You can keep Sonic Boom, America.

It’s almost impossible to come across someone who doesn’t know who Sega’s Sonic the Hedgehog is. From first appearing on our screens as part of the Mega Drive console in 1991; he spun, jumped and looped-de-looped into our hearts – but nowadays, he’s become something of a laughing stock and with his new attempt, Sonic Boom coming to Europe on the 21st, he certainly seems like he isn’t going to be doing himself any more favours

The fast-paced, two dimensional platforming of Sonic’s earlier iterations were always going to be difficult to translate to the three dimensional world of gaming. The shift in the early 2000’s that brought about these drastic changes to the scene was hard on Sega’s flagship character. The Sonic Adventure series, released initially on the short-lived Sega Dreamcast, began to expand into what this strange new dimension could accomplish, but soon became abundantly clear that they were running out of ideas.

The game play on these early ‘Second Generation’ iterations was arguably solid, if a touch glitchy and buggy in places. But the over-the-top endeavour into coherent storyline that traces Sonic’s origins back to ancient civilisations, the introduction of the most unnecessary anti-hero in the guise of Shadow the Hedgehog (a very ham-fisted swing at bringing a brooding clone character into the mix), and the ‘evil’ Dr Eggman’s overall attempt at destruction of the world wherein humans and grotesque, humanoid rodents co-exist was a little too much to take for long suffering fans. Spawning the laughable at best glitchfest that was Sonic ‘06  and the downright forgettable Sonic Heroes in the process, Sega’s Sonic Team was against the ropes in terms of game design.

It was clear to Sega that Sonic was falling swiftly out of favour with the gaming community, they had tried too much and done too little to further the franchise. So rather than going back to basics, Sonic Team got gimmicky. Seemingly pulling game concepts out of their respective rear-ends featuring our beloved Blue-Bolt being transported back to Arthurian times to become a knight, having the affliction of turning into a (sigh) Were-hog at night and being propositioned by a genie in an Arabian Nights inspired setting – it all became a bit too much for Sonic fans to handle.

But in recent flourishes of a potential return to form in Sonic Colours and the nostalgist’s wet-dream that was Sonic Generations, the state of affairs waned from the tragically mediocre to the alarmingly playable and when the announcement for the next full Sonic title for the Wii-U was announced, the expectation was palpable. Then finally, a week ago today; ‘Sonic Boom – The Rise of Lyric’, developed by Big Red Button Entertainment, was released in the US. With shaking hands and child-like hopefulness, the game was booted up for the first time – and it is utterly abysmal.

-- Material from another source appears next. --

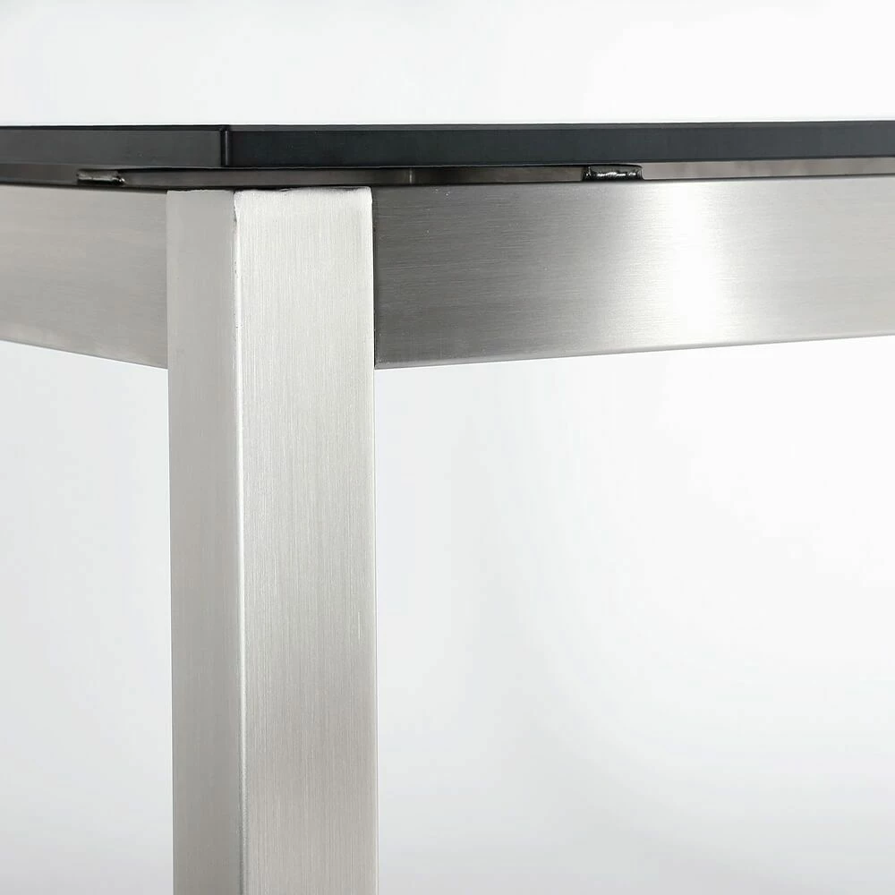 Unsere hochwertigen Gartenmöbel zeichnen sich durch eine hohe Robustheit gegenüber Witterung aus. Egal ob auf dem Balkon, auf der Terrasse oder im Garten platziert, besticht der Tisch durch ein elegantes Design. Die Sitz- sowie Rückenfläche werden aus luftdurchlässigem Ergotex gefertigt, einem Polyester, welches sich durch eine hohe Komfortabilität, Strapazierfähigkeit, Atmungsaktivität und Wasserresistenz auszeichnet. Das elegante Gestell aus rostfreiem Edelstahl sorgt für ein leichtes Handling. Die Gelenkteile sind besonders stabil und langlebig. Die Tischplatte wird aus robustem HPL-Schichtstoff gefertigt. Das Material ist bis 180°C hitzebeständig, kratzfest und pflegeleicht.

The first clue should have come when they didn’t want to give out review copies to the press, the second should have been the shoddy concept art and the third should have been the unavoidable deadline that was forced upon them by a sickeningly corporate television series tie-in. But we could forgive all of this, if they actually finished the damn game. The framerate rarely peaks its juttery head over 25, the textures look like they’d slot in without so much as a double take on the Playstation 2 and the gameplay itself is a horrible mish-mash of derivative Ratchet and Clank-esque combat, forced character-swapping puzzle sections and nausea inducing ‘speed’ sections. What should have been a triumphant return to form for Sonic, crashed and burned before even reaching the first hurdle – a rushed mess that debauched a much loved mascot and supporting characters further than they already were. It was shoved out the door without as much as a ‘be safe!’ like an undeveloped toddler, where if they’d actually let it mature and gave it the proper amount of time it deserved, it could have been something grand.

You can keep Sonic Boom, America. Europe doesn’t want it.